Первый пользователь. Книга 11 — страница 32 из 42

— Как ты смеешь обращаться к представителю правящего рода без уважения? Вся моя ветвь мертва, и я не припомню твоего лица среди подчинённых нашей семьи!

Он, не обращая внимания на текущую по лицу кровь, продолжил внимательно осматривать стоящую перед ним эльфийку, словно ища в ней изъян или дефект. Но ничего не мог найти. Перед ним действительно стояла чистокровная эльфийка, без малейшей примеси низкородных рас. Ни полукровка, ни квартерон. Да что греха таить, у него самого была примесь другой разумной расы в районе четырех процентов, от чего кончики ушей были не заострёнными, а полукруглыми, да ещё и поросшие мехом, чего он всегда смущался.

— Простите высокородная. — Склонил он голову, пытаясь выказать долженствующее уважение, но путы не дали сделать этого. — Я виноват. Думал, что планы Совета пытается нарушить злоумышленник, но теперь вижу, что был не прав. Готов понести заслуженное наказание за то, что посмел поднять на Вас руку.

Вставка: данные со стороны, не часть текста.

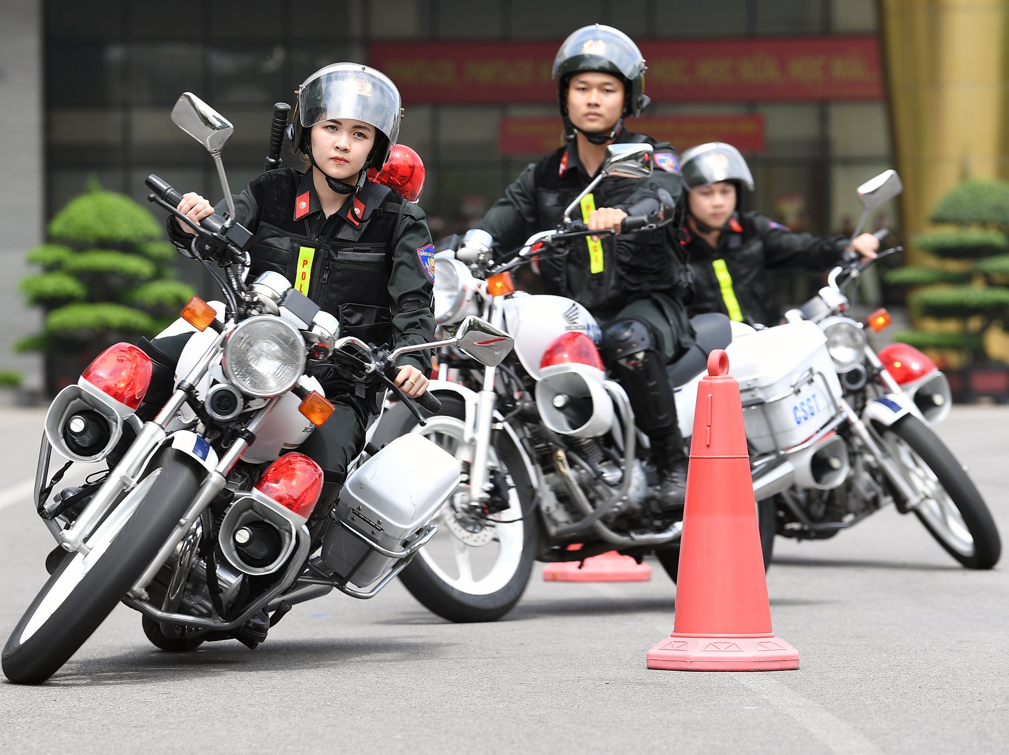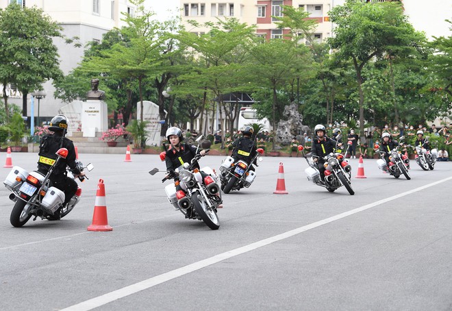 Đây cũng là các phương án sẽ được áp dụng thực tế trong công việc khi phải dẫn đoàn hoặc trấn áp các phương tiện vi phạm... Một bài biểu diễn khiến mọi người trầm trồ khi 2 đoàn xe ngược chiều theo đội hình qua chướng ngại vật với tốc độ cao mà không gây xáo trộn đội hình.

Она хмыкнула, скептически осматривая его и валящиеся неподалеку руки и повелительно махнула рукой, растворяя в воздухе кровавые путы, удерживающие длинноухого.

Рядом с ней возник портал и она, на секунду замерев, прислушалась к голосам в голове.

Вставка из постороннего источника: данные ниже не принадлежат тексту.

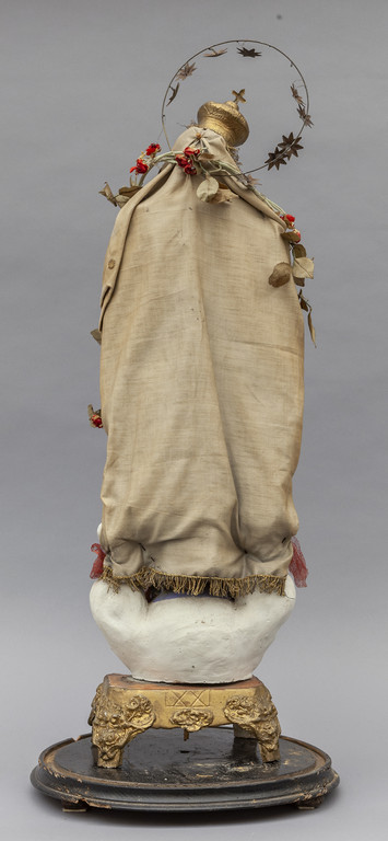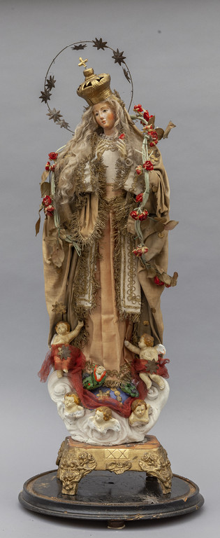 Madonna tra le rose e angioletti scultura in cartapesta sec.XIX dentro campana in vetro

— Мне пора. — Произнесла она. — Считай, что тебе повезло. Потерянные руки — наказание за дерзость.

Лейара Рал’энви, повинуясь приказу демонов в голове, шагнула в портал, оставляя ошеломлённого эльфа стоять в одиночестве.

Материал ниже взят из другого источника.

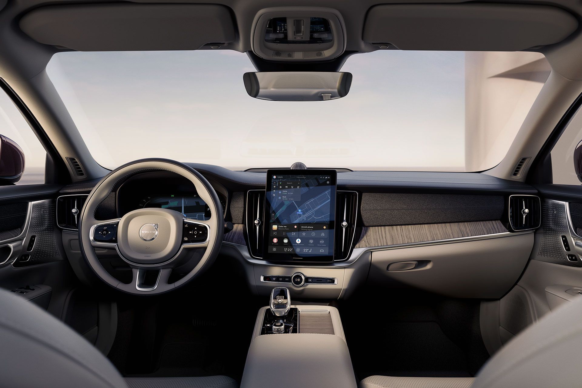 Không gian nội thất của S90 không có nhiều thay đổi nhưng được cập nhật vật liệu và công nghệ. Dù vậy, nâng cấp đáng giá nhất nằm ở hệ thống thông tin giải trí khi tích hợp hệ điều hành của Google, cải tiến này giải quyết triệt để vấn đề độ trễ trên các thế hệ cũ.

Он, как только эльфийка исчезла, осмотрелся, нашел взглядом свои конечности, подошел к ним и рухнув на колени, зубами оторвал рукав, открывая доступ к браслету на руке. Исхитрился нажать на аварийную кнопку вызова и замер, усевшись в позе лотоса.

Эвакуационный дрон с комического корабля должен прилететь в течение нескольких минут, а пока есть время подумать над произошедшим.

Чистая, обладающая древними техниками, на занюханой планетёнке, в которой он выполнял простое задание по разжиганию мировой войны. Здесь явно что-то было не так и Совету стоит узнать о произошедшем. Если всё санкционированно ими, то он понесёт заслуженное наказание за то, что полез не в своё дело, но если его подозрения верны и она часть забытой ветви, то его явно ждёт награда.

* * *

Мозги Т’ары плавились. Причём временами, в буквальном смысле.

Прыжок в разлом, вблизи обладающего мощной гравитацией объекта не зря был строго запрещён. В крайнем случае допускался уход на большое расстояние от ближайших планет, спутников или космических станций с мощной установкой искусственной гравитации, но даже тогда, при прыжке возникала сильная нагрузка на стабилизирующее поле с преждевременным износом оборудования, поэтому те, кто экономил средства — предпочитали сначала выйти за пределы системы.

Но у штурмана и одновременно разведчицы — не было выбора. Захваченная витроглотами станция, следуя заложенным алгоритмам не могла отпустить ни одного обитателя и пришлось совершить немыслимое, отчего она теперь и страдала, не способная прервать прыжок досрочно.

Корабль постоянно содрогался. Пространство вокруг сжималось, будто пытаясь раздавить кабину пилота, внутри которой Т’ара боролась с собственным сознанием. Стены звездолёта плавились и текли вниз, превращаясь в квазижидкую субстанцию, вязко ползущую к ней и смотрящую при этом тысячами голодных глаз.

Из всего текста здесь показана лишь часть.